■ **WHAT IS EXPECTED**: In the records below, reproduce exactly the lines from the one containing "Şehirde yaşayanlar, yakınlarında" through the one containing "本交易日大数据统计增仓前10", both included, and omit the pictures.

■ **RECORDS FOR PROCESSING**:
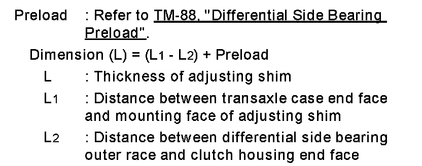 - Calculate dimension (L) (thickness of adjusting shim) using the following procedure to satisfy specification of preload for differential side bearing.
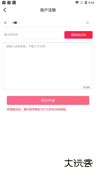 4、输入你的账号、验证码和原因即可进行申请注销,你也可以直接拨打客服电话进行注销;
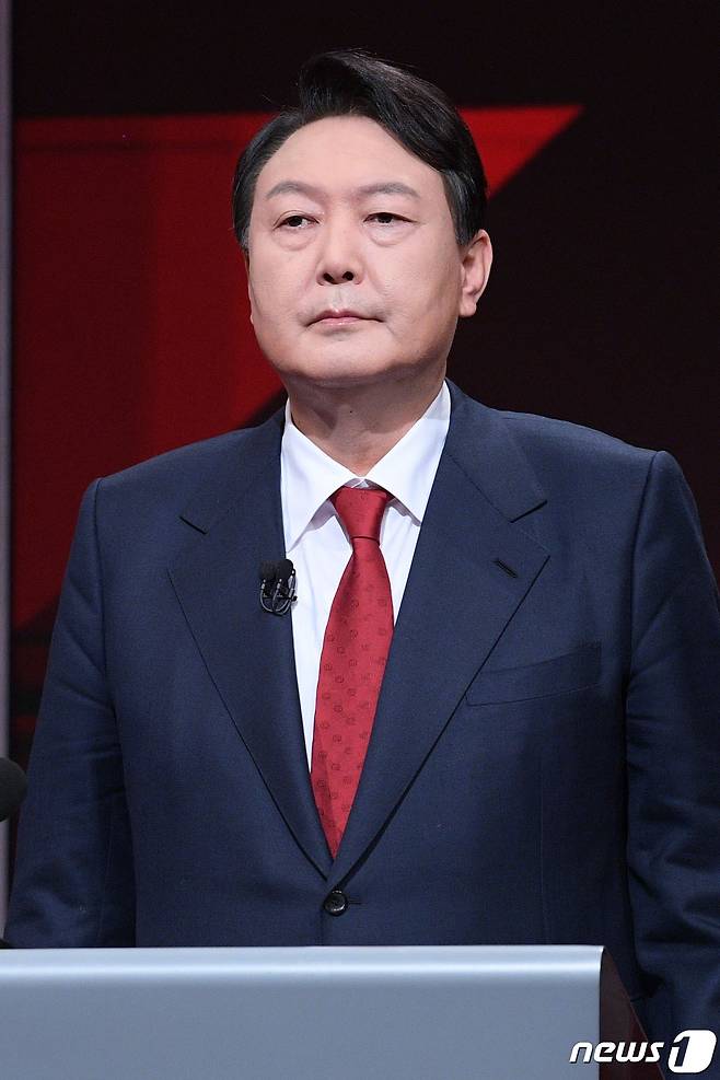 (서울=뉴스1) 국회사진취재단 = 윤석열 국민의힘 대선 예비후보가 22일 오후 서울 마포구 상암동 YTN에서 대선 경선 6차 토론회를 앞두고 리허설을 하고 있다. 2021.10.22/뉴스1
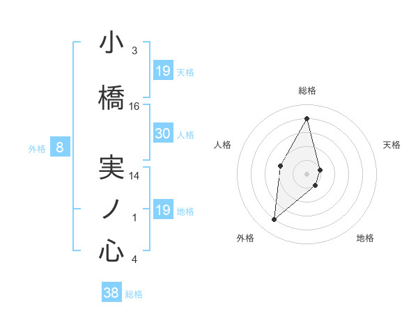小橋 実ノ心さんを姓名の画数から五運を鑑定
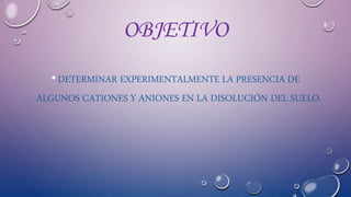 Este documento describe un experimento para identificar iones en una muestra de suelo. Se diluyó la muestra de suelo en agua y se midió el pH. Luego se añadió ácido nítrico y se filtró, obteniendo una disolución y un residuo sólido. Se realizaron pruebas en tubos de ensayo usando reactivos para identificar la presencia de cloruros, sulfatos, hierro y carbonatos. Los resultados mostraron la presencia de cloruros y carbonatos, pero no de sulfatos ni potasio.
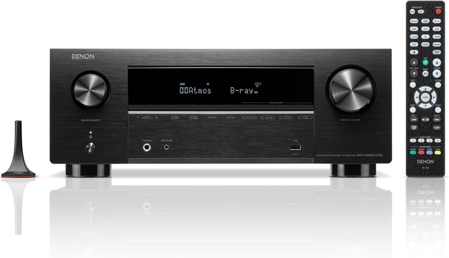 Denon AVR-X2800HDAB 7.2 канален AV ресивър, HiFi усилвател с Dolby Atmos, DTS:X, 6 HDMI входа и 2 изхода, 8K HDMI, Bluetooth, DAB, WiFi, AirPlay 2, HEOS Multiroom, съвместим с Alexa, черен
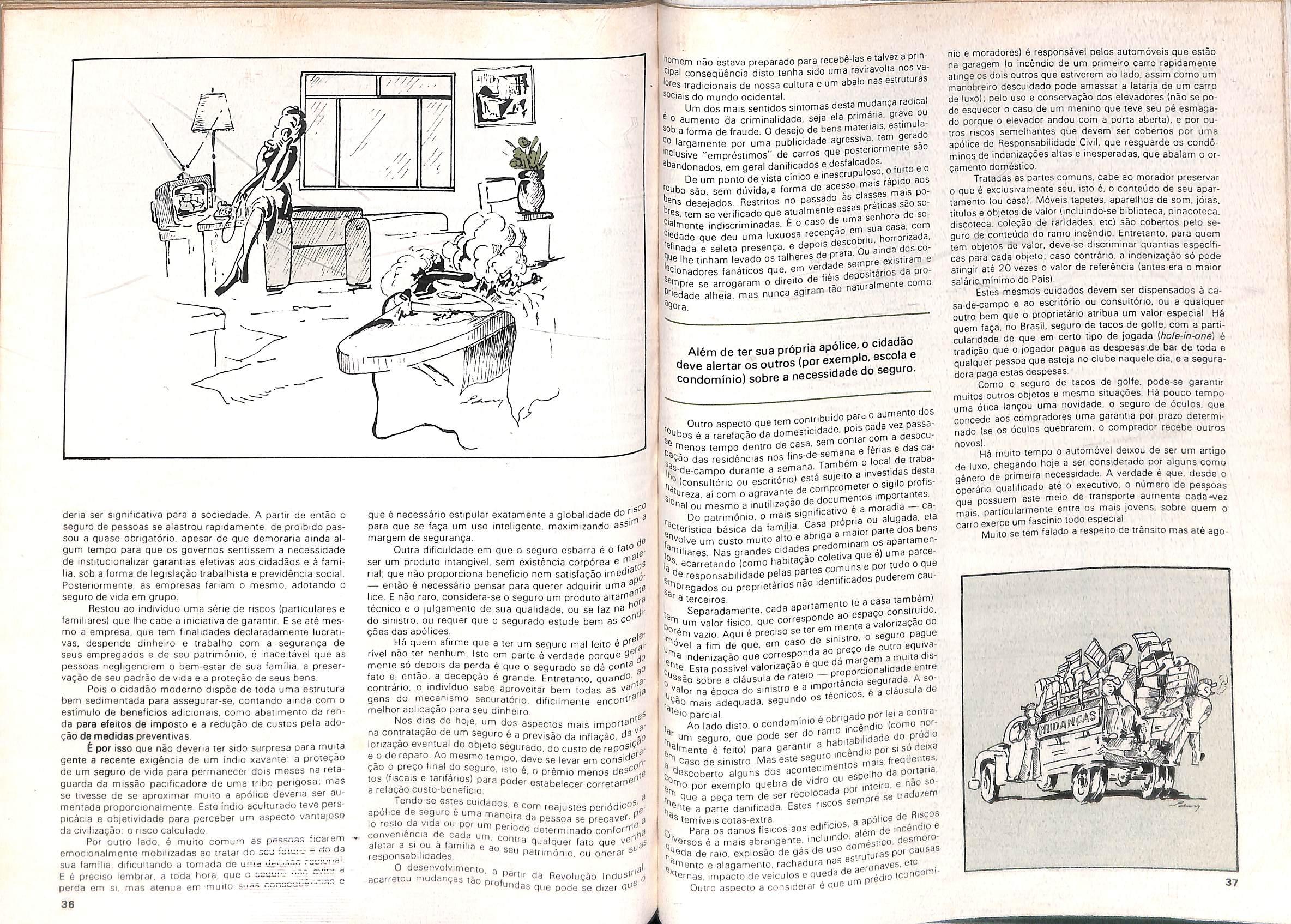As dificuldades do seguro obrigatbrio para proprietbrios de veiculos, comuns alibs em varies paises, deverao ser solucionadas com a reformuiagao profunda feita pelo Conselho Nacio nal de Seguros Privados. modificando as bases da apblice, que passou a ser de danos pessoais, seja causados a lerceiros, seja aos prbprios ocupanies dos autombveis. Foi feito tambbm reajuste no oremio e na importancia segurada, assim como no mecanismo de pagamento (agora feito de imediato pelo IRB e debitado "b seguradora) mesmo quando 0 veicuio naofor identificado,
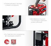 Генератор предназначен для автономного электроснабжения в условиях отсутствия бытовой электросети. Особенности Мощный и экономичный двигатель Denzel Металлический распределительный вал Увеличенный диаметр провода обмотки статора Указатель уровня топлива Цифровой мультиметр Преимущества Медная обмотка альтернатора Защита от перегрузки и короткого замыкания Автоматический регулятор напряжения AVR Защита от низкого уровня масла Электростартер Возможность подключения блока автоматического запуска Усиленная рама диаметром 32 мм Возможность установки рукояток и колес Комплектность Генератор - 1 шт. Ключ свечной - 1 шт. Ключ зажигания - 2 шт. Вилка 230В/16А - 2 шт. Вилка 230В/32А - 1 шт. Руководство по эксплуатации - 1 шт. Гарантийный талон - 1 шт.
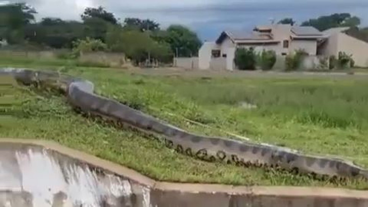 Şehirde yaşayanlar, yakınlarında bir sulama kanalından gelen ve 10 metreden uzun olduğu sanılan kocaman bir anakondanın evlerine çok yakın bir yerde göründüğünü hayretle gördüler.
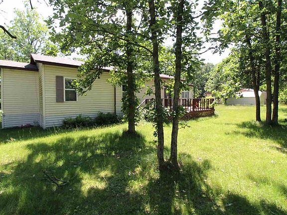 2.06 acres mol surrounding mobile home with addition. 2 bedroom, 1 bath with 2nd toilet closet, open living, dining and kitchen with knotty pine ceiling. French doors to deck from dining room, pellet stove in living room. Updated kitchen cabinets. Out building with partial concrete floor and dirt floor plus additional sheds. Seller states well is under the house. This property is being sold in it's present as is condition.
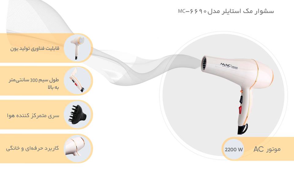 سشوار حرفه ای مک استایلر مدل 6690 به وسیله برند مک در این جهت ساماندهی شده است و مطابق با استانداردهای جهانی و ماشین آلات مدرن، به مرحله ساخت رسیده است. سشوار مک استایلر مدل MC-6690 از یک برند شناخته شده است. ضمانت نامه 2 ساله در کنار این مدل، به مصرف کننده داده میشود که خیال فرد از خرید بیشتر و اشتیاق او افزون میشود. طراحی سشوار مک استایلر مدل 6690 استاندارهای جهانی و روشهای مدرن برای یک طراحی موفق، مورد استفاده قرار گرفتهاند. سشوار حرفهای مک استایلر مدل 6690 ، شکل و ظاهری مخصوص به خود دارد. از نظر ساختار بدنهای ارگونومی دارد که اندازه و شکل دسته آن برای در دست گرفتن مناسب است. استفاده دستی از این دستگاه باعث رعایت این نکته شده است. اگر بیش از حد سنگین باشد و یا بزرگ، دست را اذیت میکند. این محصول برای شما خسته کننده نخواهد بود. برای ساخت بدنه از ABS (پلاستیک فشرده) استفاده شده است. این متریال باعث مقاوم کردن دستگاه شده و در برابر ضربات آن را حفظ میکند. این محصول یک دکمه کول شات هم دارد. کار این گزینه خنک و سرد کردن یکباره هوا است.
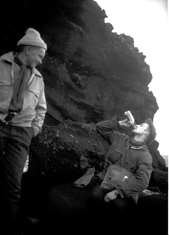 Tveir karlmenn, annar teigar af stút. Háir klettar um kring.
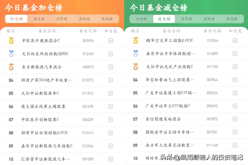 本交易日大数据统计增仓前10的基金分别是:中欧医疗健康混合C、天弘恒生科技指数(QDII)C、东方新能源汽车混合、招商沪深300地产等权重指数C、天弘中证新能源车C、英大国企改革主题股票、中欧医疗创新股票C、招商中证白酒指数(LOF)C、嘉实中证新能源汽车指数C、汇添富中证新能源汽车产业指数(LOF)C;
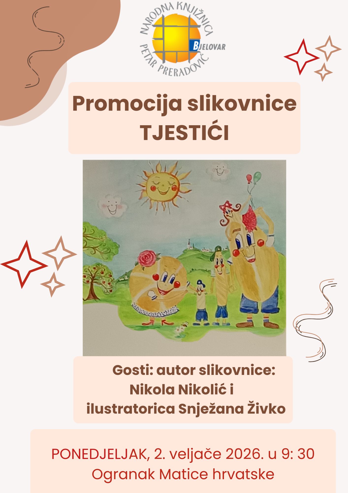 U ponedjeljak, 2. veljače u 9:30 sati, u prostoru Ogranka Matice hrvatske u Bjelovaru (Trg Eugena Kvaternika 7a) održat će se promocija slikovnice „Tjestići“, uz susret s njezinim autorom, bjelovarskim piscem Nikolom Nikolićem.
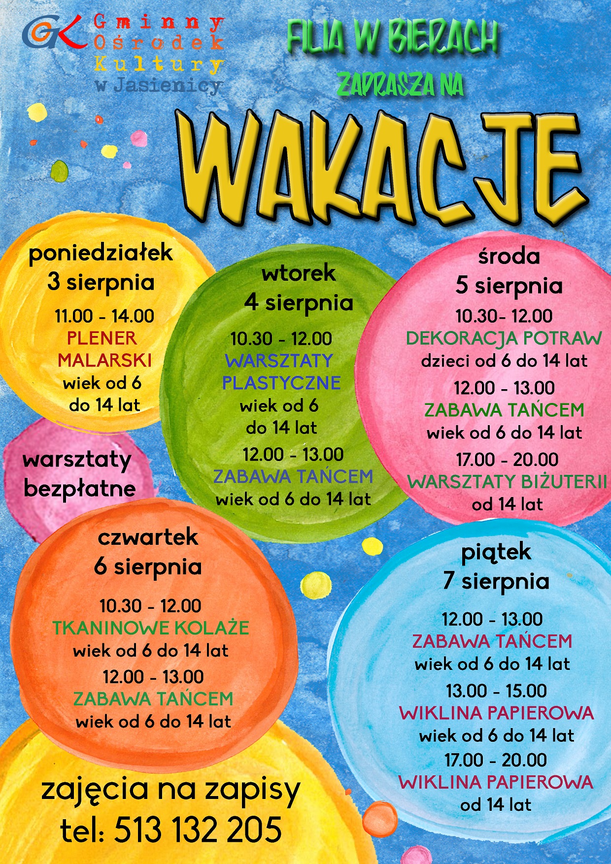Zapraszamy na zajęcia wakacyjne do filii GOK w Bierach.
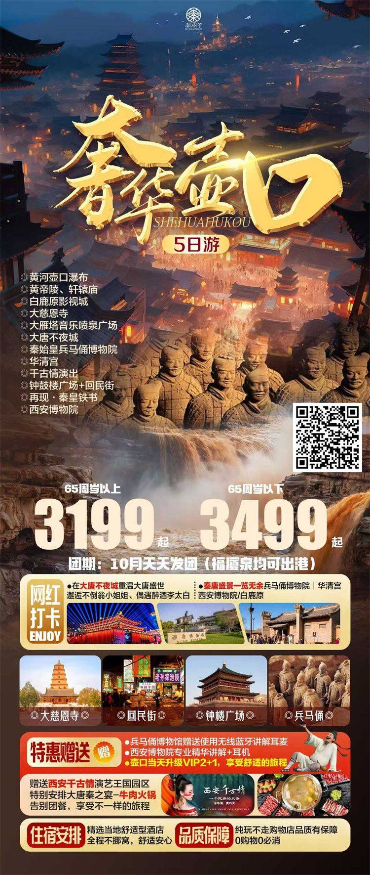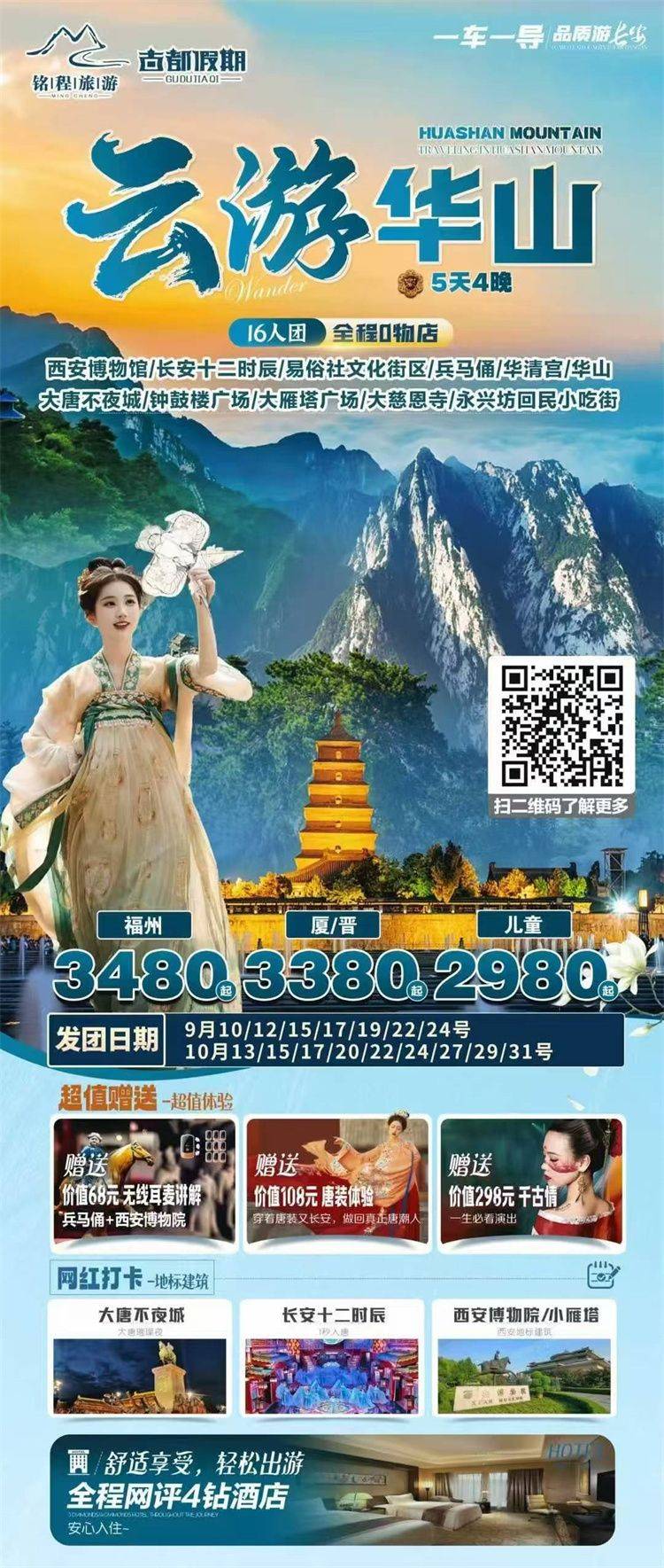 跟团游10月福建往返【西安华山精选4-5天】旅游团线路合集
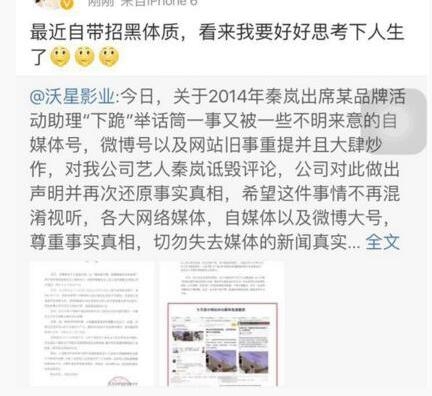 看到这张图片,有媒体称秦岚“耍大牌”,网友也基本全部都指责声,称“秦岚没长手”。甚至有激进的网友说她不配当艺人,喊她退出娱乐圈!被负面新闻缠身的秦岚也在微博发文调侃自己!
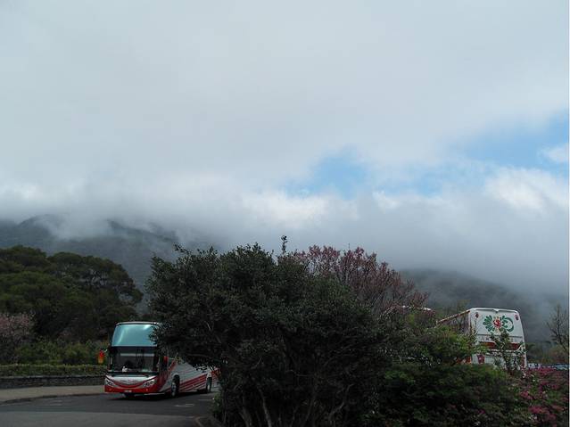 公车来了,我们要下山了。公车上有旅行团的游客,也有其他游客。车到终点时,所有人都从前门投币并下车,而我们只要跟着陈导下车就行了,下车后,槑纸就说司机如何判断哪些人是旅行团的,哪些人是非旅行团的,好剌瓜说:“自觉!”
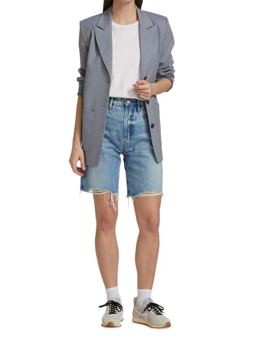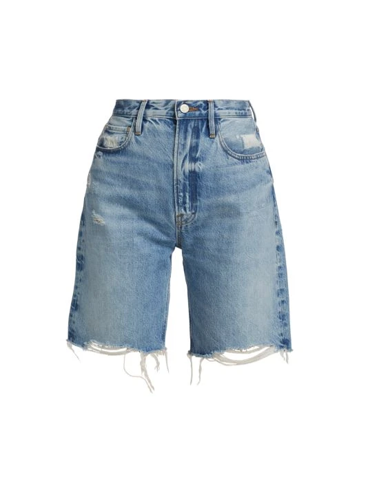 Frame’s denim bermuda shorts feature distressing with a high-rise.
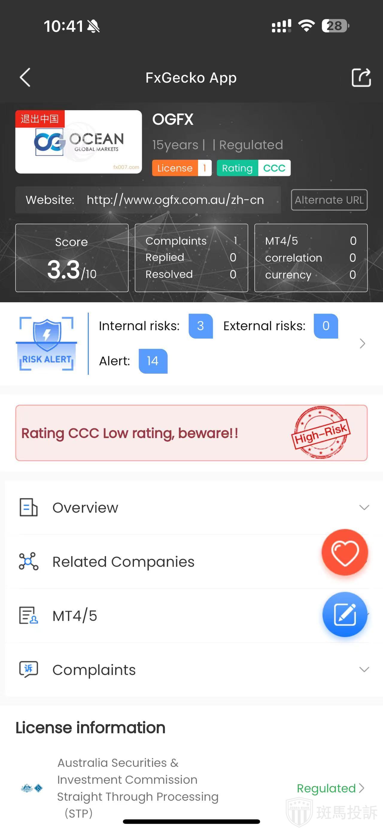 FTI risk warning shows that OGFX has 17 risks. Investors need to pay attention to the relevant risk alerts for this broker.
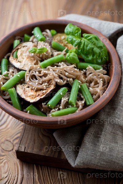Соба с баклажанами, зеленой фасолью и кунжутом
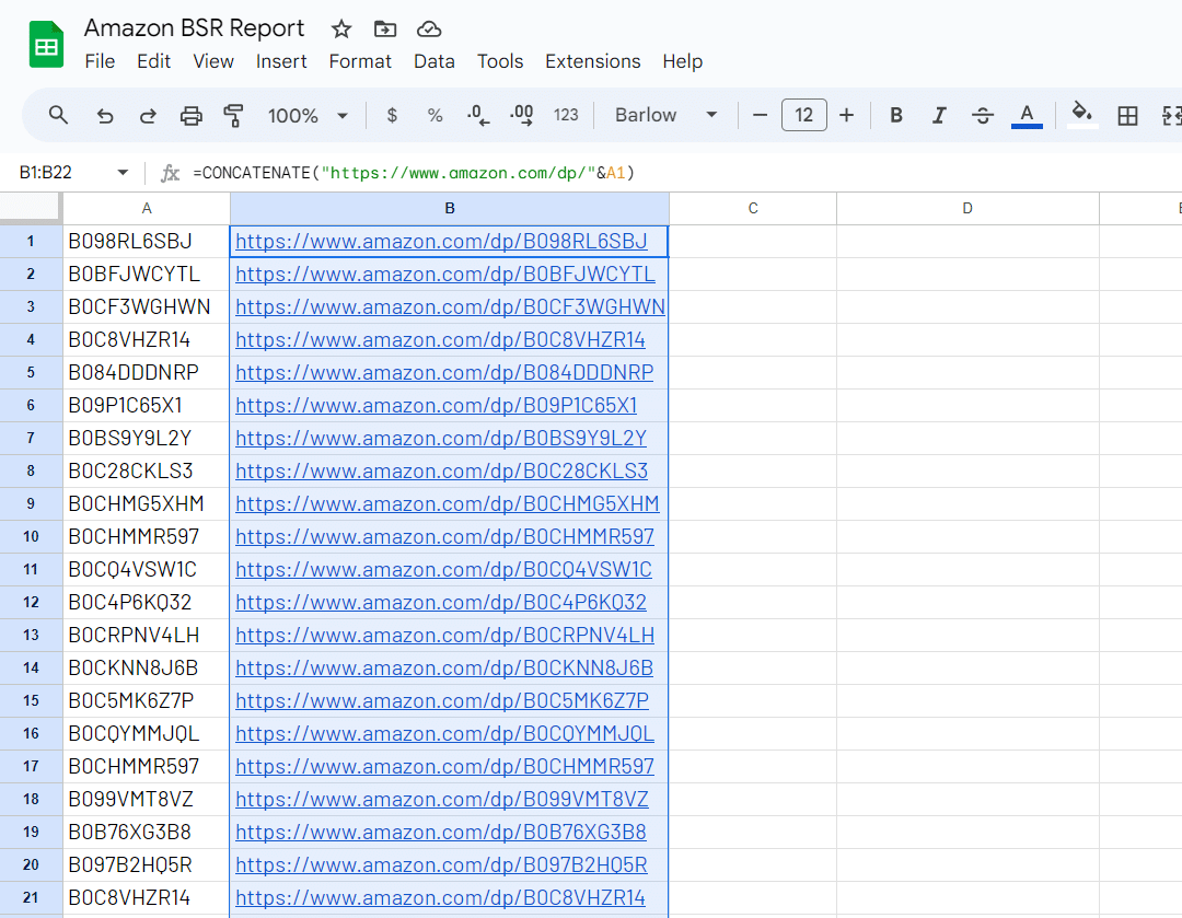Input your ASINs list in column A and we’ll use a =CONCATENATE() formula to build the URLs.

■ **RESPONSE**:
 Şehirde yaşayanlar, yakınlarında bir sulama kanalından gelen ve 10 metreden uzun olduğu sanılan kocaman bir anakondanın evlerine çok yakın bir yerde göründüğünü hayretle gördüler.
 2.06 acres mol surrounding mobile home with addition. 2 bedroom, 1 bath with 2nd toilet closet, open living, dining and kitchen with knotty pine ceiling. French doors to deck from dining room, pellet stove in living room. Updated kitchen cabinets. Out building with partial concrete floor and dirt floor plus additional sheds. Seller states well is under the house. This property is being sold in it's present as is condition.
 سشوار حرفه ای مک استایلر مدل 6690 به وسیله برند مک در این جهت ساماندهی شده است و مطابق با استانداردهای جهانی و ماشین آلات مدرن، به مرحله ساخت رسیده است. سشوار مک استایلر مدل MC-6690 از یک برند شناخته شده است. ضمانت نامه 2 ساله در کنار این مدل، به مصرف کننده داده میشود که خیال فرد از خرید بیشتر و اشتیاق او افزون میشود. طراحی سشوار مک استایلر مدل 6690 استاندارهای جهانی و روشهای مدرن برای یک طراحی موفق، مورد استفاده قرار گرفتهاند. سشوار حرفهای مک استایلر مدل 6690 ، شکل و ظاهری مخصوص به خود دارد. از نظر ساختار بدنهای ارگونومی دارد که اندازه و شکل دسته آن برای در دست گرفتن مناسب است. استفاده دستی از این دستگاه باعث رعایت این نکته شده است. اگر بیش از حد سنگین باشد و یا بزرگ، دست را اذیت میکند. این محصول برای شما خسته کننده نخواهد بود. برای ساخت بدنه از ABS (پلاستیک فشرده) استفاده شده است. این متریال باعث مقاوم کردن دستگاه شده و در برابر ضربات آن را حفظ میکند. این محصول یک دکمه کول شات هم دارد. کار این گزینه خنک و سرد کردن یکباره هوا است.
 Tveir karlmenn, annar teigar af stút. Háir klettar um kring.
 本交易日大数据统计增仓前10的基金分别是:中欧医疗健康混合C、天弘恒生科技指数(QDII)C、东方新能源汽车混合、招商沪深300地产等权重指数C、天弘中证新能源车C、英大国企改革主题股票、中欧医疗创新股票C、招商中证白酒指数(LOF)C、嘉实中证新能源汽车指数C、汇添富中证新能源汽车产业指数(LOF)C;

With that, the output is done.